• **PROBLEM TO WORK ON**:
Set the pictures aside and set down only the lines from the line holding "Il primo tweet" through the end of the entries below, ends included.

--- START ---

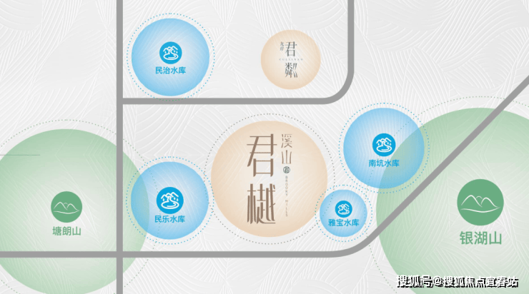 溪山君樾位处深圳“中心湖区“,是深圳最稠密的湖区所在地,项目周边环伺4大自然生态湖泊---民治水库、民乐水库、雅宝水库、南坑水库,居住在此,湖岸微澜风光无限,滋养健康涵养心境,孕育都会生活于家族贵雅之道;独享城市无价峰顶对晤湖景无垠的豁达高远。
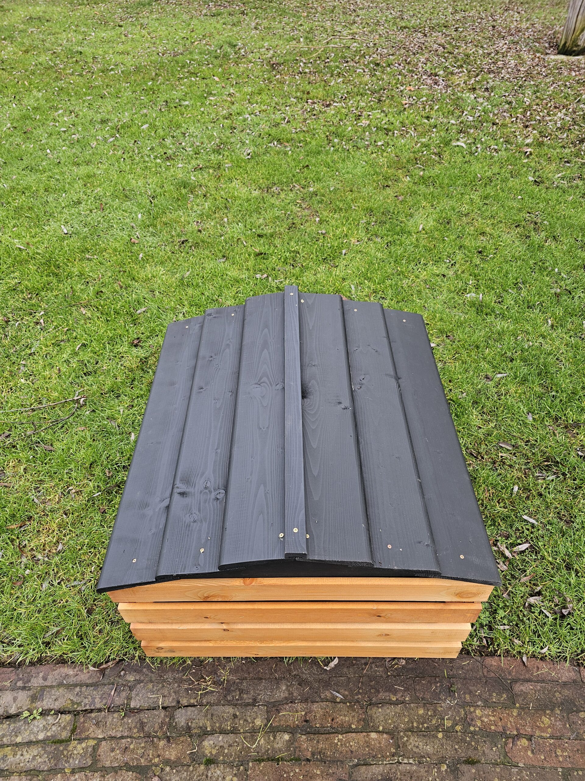 Het huisje is gemaakt van Noord-Europees vuren-hout met een watergedragen buitenlakafwerking. Door deze afwerking krijgt het hout extra bescherming tegen vocht en UV-straling, wat de levensduur buitenshuis aanzienlijk verlengt. Met licht onderhoud, zoals het opnieuw aanbrengen van een beschermlaag om de 2 à 3 jaar, kan de levensduur nog aanzienlijk verlengd worden.
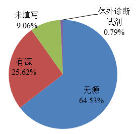 2022年,国家药品不良反应监测中心收到的医疗器械不良事件报告中,涉及无源医疗器械的报告448,422份,占报告总数的64.53%;涉及有源医疗器械的报告178,003份,占报告总数的25.62%;涉及体外诊断试剂的报告5,513份,占报告总数的0.79%;未填写医疗器械结构特征的报告62,928份,占报告总数的9.06%(图7)。
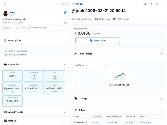 Il primo tweet in formato NFT vale 100.000 volte meno
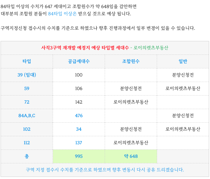 사직3구역 재개발 의 현 추진의 예상 타입별 세대수 입니다.
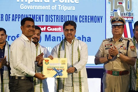 Agartala: In a significant step towards bolstering the state’s police force, Tripura Chief Minister and Home Minister Manik Saha handed appointment letters for the post of police constables to 979 candidates in a program held at Shatabarshiki Bhavan in Agartala.
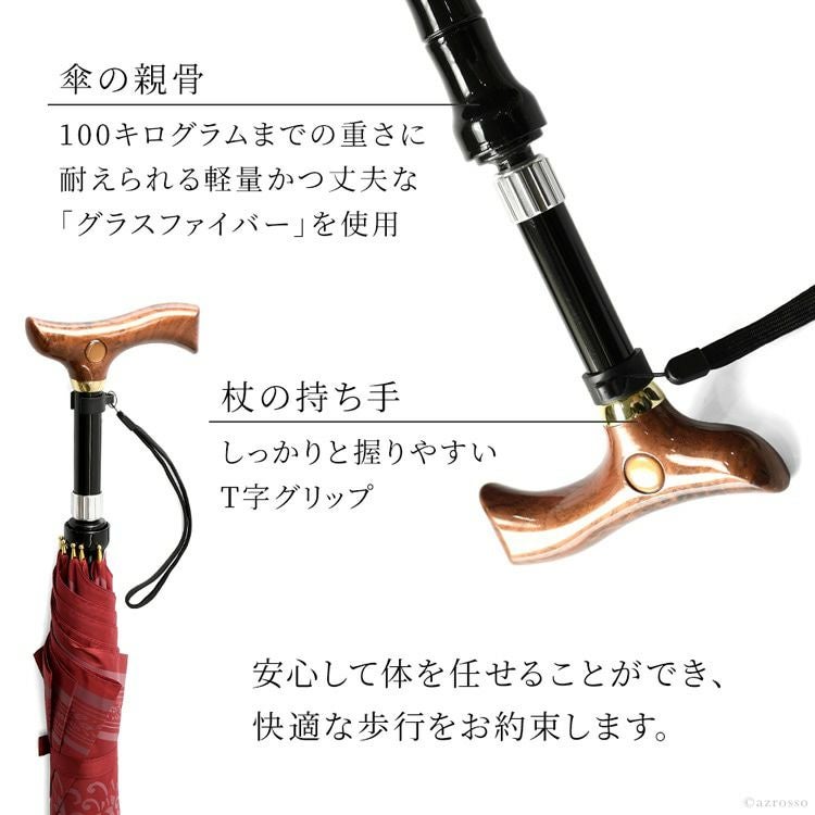 贈り物として人気のステッキインアンブレラ。杖と傘が一体化したスマートなアイテムです。傘は雨傘としても日傘としても使えて便利。杖が必要なお母様への母の日ギフトに嬉しい一本です。

--- END ---

• **EXPECTED ANSWER**:
 Il primo tweet in formato NFT vale 100.000 volte meno
 사직3구역 재개발 의 현 추진의 예상 타입별 세대수 입니다.
 Agartala: In a significant step towards bolstering the state’s police force, Tripura Chief Minister and Home Minister Manik Saha handed appointment letters for the post of police constables to 979 candidates in a program held at Shatabarshiki Bhavan in Agartala.
 贈り物として人気のステッキインアンブレラ。杖と傘が一体化したスマートなアイテムです。傘は雨傘としても日傘としても使えて便利。杖が必要なお母様への母の日ギフトに嬉しい一本です。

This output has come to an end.